Он так и не придумал, что бы дал за это. И Саваль распрощался с ним на углу Королевской улицы.
II
Стол был накрыт на веранде, выходившей на реку. Снятая маркизой Обарди вилла «Весна» стояла высоко над излучиной Сены, которая поворачивала к Марли у самой ограды парка.
Напротив дачи гигантские деревья острова Круасси замыкали горизонт зеленым шатром, а течение реки открывалось взгляду вплоть до плавучего ресторана «Лягушатня», спрятанного в листве.
Спускался вечер — тихий вечер, красочный и мягкий, какие бывают на берегах реки, мирный вечер, который навевает блаженное чувство покоя. Ни малейшего шороха в ветвях, ни малейшей ряби на светлой поверхности Сены. Однако жарко не было, было только тепло, было отрадно жить на свете. Благодетельная прохлада поднималась от берегов Сены к ясному небу.
За чащей дерев солнце склонялось к другим странам, и воздух дышал уже негой отходящей ко сну земли, дышал в затихших просторах невозмутимой жизнью вселенной.
Все восхитились, когда вышли из гостиной к столу. Умиленная радость охватила сердца при мысли о том, как приятно будет пообедать здесь, на лоне природы, созерцая речную гладь в свете сумерек и вдыхая чистый, душистый воздух.
Маркиза опиралась на руку Саваля, Иветта — на руку Сервиньи.
Они были только вчетвером.
Обе женщины были совсем не те, что в Париже, особенно Иветта.
Она почти не говорила, казалась томной и задумчивой. Саваль еще не видел ее такой, он спросил:
— Что с вами, мадмуазель? Вы очень изменились с прошлой недели, стали совсем серьезной особой.
Она ответила:
— На меня так действует природа. Я сама не своя; впрочем, у меня всегда день на день не похож. Сегодня я буду казаться сумасбродной, а завтра — воплощенной элегией. Я переменчива, как погода, а почему — сама не понимаю. Знаете, я на все способна, смотря по настроению. Бывают дни, когда я могу убить, — только не животное, животное я бы не убила никогда, а человека, да, могу убить, — а бывает, что я плачу из-за пустяка. Какие только мысли не мелькают у меня в голове! Многое тоже зависит от того, как встанешь. Утром, проснувшись, я уже могу сказать, какой буду до самого вечера. Может быть, сны влияют на нас. У меня еще многое зависит от книги, которую я читаю.

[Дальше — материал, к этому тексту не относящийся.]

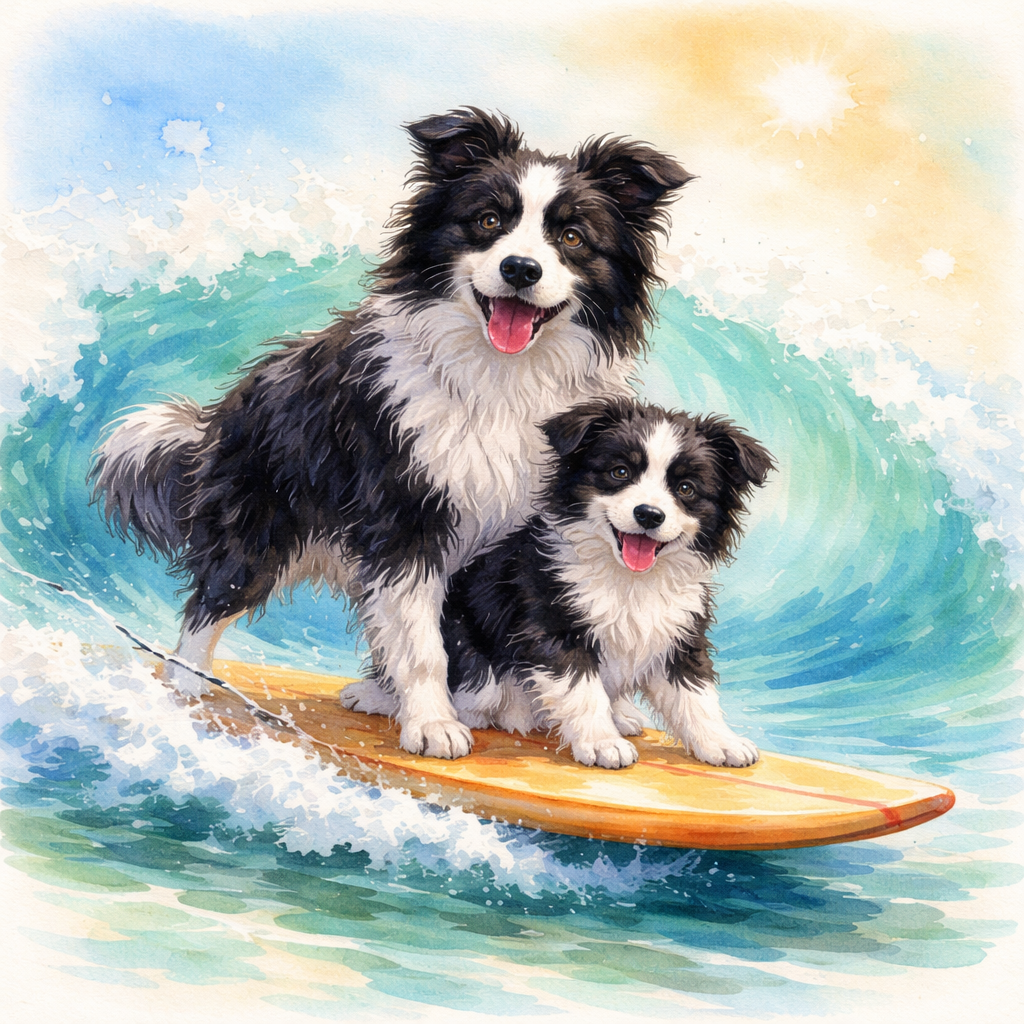 Samen hielden ze hun evenwicht, staart omhoog, ogen stralend. Mensen op het strand klapten en lachten toen ze de twee zwart-witte border collies zagen surfen alsof ze het al jaren deden.

На ней был наряд из белой фланели, и широкие складки ткани мягко обхватывали ее стан. Свободный сборчатый корсаж лишь намечал, не подчеркивая, не облегая, упругую, уже зрелую, ничем не стесненную грудь. А тонкая шея выступала из волны кружев, своей чудесной живой белизной споря с платьем, и порой томно склонялась словно под тяжестью пышного узла золотых волос.
Сервиньи долго смотрел на девушку и наконец произнес:
— Вы сегодня очаровательны, мамзель. Я хотел бы, чтобы вы всегда были такой.

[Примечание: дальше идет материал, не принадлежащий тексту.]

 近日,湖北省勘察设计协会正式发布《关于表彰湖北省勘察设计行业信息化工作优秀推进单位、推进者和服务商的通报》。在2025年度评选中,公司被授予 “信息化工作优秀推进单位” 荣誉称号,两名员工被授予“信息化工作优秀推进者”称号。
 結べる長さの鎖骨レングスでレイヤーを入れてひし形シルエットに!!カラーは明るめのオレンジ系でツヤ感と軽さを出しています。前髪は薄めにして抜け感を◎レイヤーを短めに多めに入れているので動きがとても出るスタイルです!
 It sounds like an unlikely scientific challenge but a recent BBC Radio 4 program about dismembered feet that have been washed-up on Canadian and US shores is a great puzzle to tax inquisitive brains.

Она ответила с оттенком обычного лукавства:
— Только не объясняйтесь мне в любви, Мюскад! Сегодня я приняла бы это всерьез, и вы поплатились бы не на шутку.
Маркиза, казалось, была счастлива, вполне счастлива. Строгое черное платье, благородными линиями задрапированное вокруг полной и крепкой фигуры, скромная красная отделка на лифе, гирлянда красных гвоздик, идущая от пояса и закрепленная у бедра, одна красная роза в темных волосах, все в ее облике, в простоте наряда, на котором цветы алели, точно кровь, во взгляде, в медлительности речи, в скупости жестов — все таило сдержанный пламень.
Саваль тоже был серьезен и сосредоточен. По временам он привычным движением гладил свою темную остроконечную бородку, думая о чем-то значительном.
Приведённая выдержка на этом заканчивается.